Hacker News new | ask | show | jobs
by surfingdino 998 days ago
I have used AI to produce an audio version and translations of my short story. I am not impressed. The best tools generate audio that is of high quality but missed a lot of the nuance of the written text, sometimes distort simple words. When it comes to translation, 80-90% of the sentences had to be fixed for grammar, spelling or other reasons (modifications to the meaning of the sentence, bad handling of gender in gendered languages. I came to the conclusion that writers, editors, proofreaders, and translators have nothing to fear from AI. I also noticed that AI is programmed to avoid getting its creators into legal/PR trouble. For example, if you ask AI to perform certain editing jobs on a piece of content that may be somehow connected to a political or a religious issue it will refuse to do so. Not much help if you want to produce a piece of writing that may be a commentary on such issues, be it an article or a screenplay.
2 comments

> For example, if you ask AI to perform certain editing jobs on a piece of content that may be somehow connected to a political or a religious issue it will refuse to do so.

Some AI services (especially those run as services by megacorps with lively legal departments) are gimped this way (usually as a sort of "thought police" model running on top of the core model, as I understand), but once you get to self-hostable models not all have such limitations.

How good are the self hostable models though compared to those run by megacorps?
Well, "good" has a few dimensions to it:

1. Speed of output (not very fun to wait multiple seconds for each letter to be output)

2. Coherence of output (how far back does the model remember the context of the conversation?)

3. Variety of output (how's the diversity of the model's vocabulary? How about topics it can plausibly discuss?)

You can easily get comparable speed, so nothing of interest to really compare there.

I haven't done particularly strenuous coherence comparisons, but for my uses, at least, megacorp and self-hosted models are pretty comparable. Though you do need the better models to get the best coherence simply because they retain more tokens in memory.

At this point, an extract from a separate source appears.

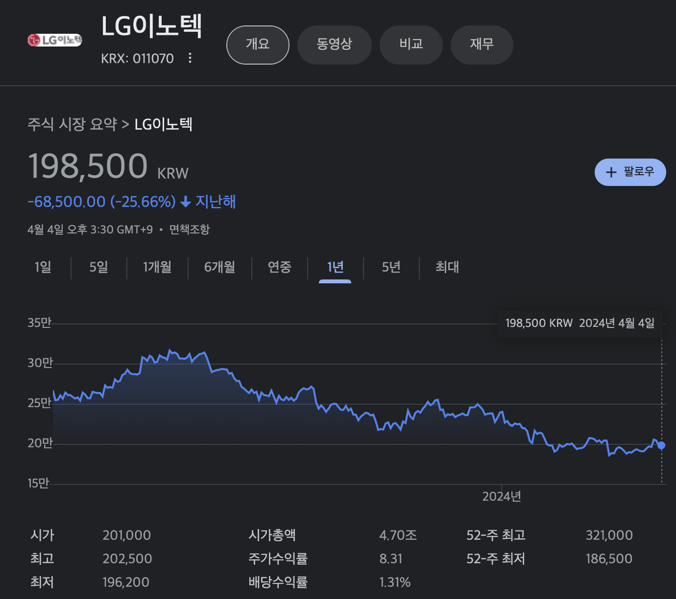 LG이노텍 주가는 지난해 대비 -25.66% 하락해 있습니다.

Variety is, in my opinion, where the megacorp models still rule. Most of my dabbling has been with models designed to be writing assistants and they can certainly generate plausible strings of words and follow a general theme, but they barely "know" anything (generally when using them to write fiction, you would provide them a "factbook" that they can work from). ChatGPT by comparison can generate plausible responses to a surprising breadth of technical questions, although it definitely has a feeling of being generated from scraping certain online sources since it's decent at answering devops questions but bad at obscure grammar and physics questions, at least in my experience.

Doesn't say much if we don't know what AI you're talking about? The best LLM is far ahead of everything else. If it's GPT-4, translation, editing, proofreading is definitely something to fear.
It's one of the big three. I am deliberately not naming it, because I do not want to steer the conversation into "You clearly should have used LLM X". That's not the point here.
>That's not the point here.

Of course it is. If you say don't worry about x technology and you're not using state of the art then it's meaningless. The "Big 3" is meaningless. The best model is far ahead of the rest.

Well, don't be coy then, what's "the best model" and how "far ahead of the rest" is it?
I already said it's GPT-4 and that it's much better than the rest.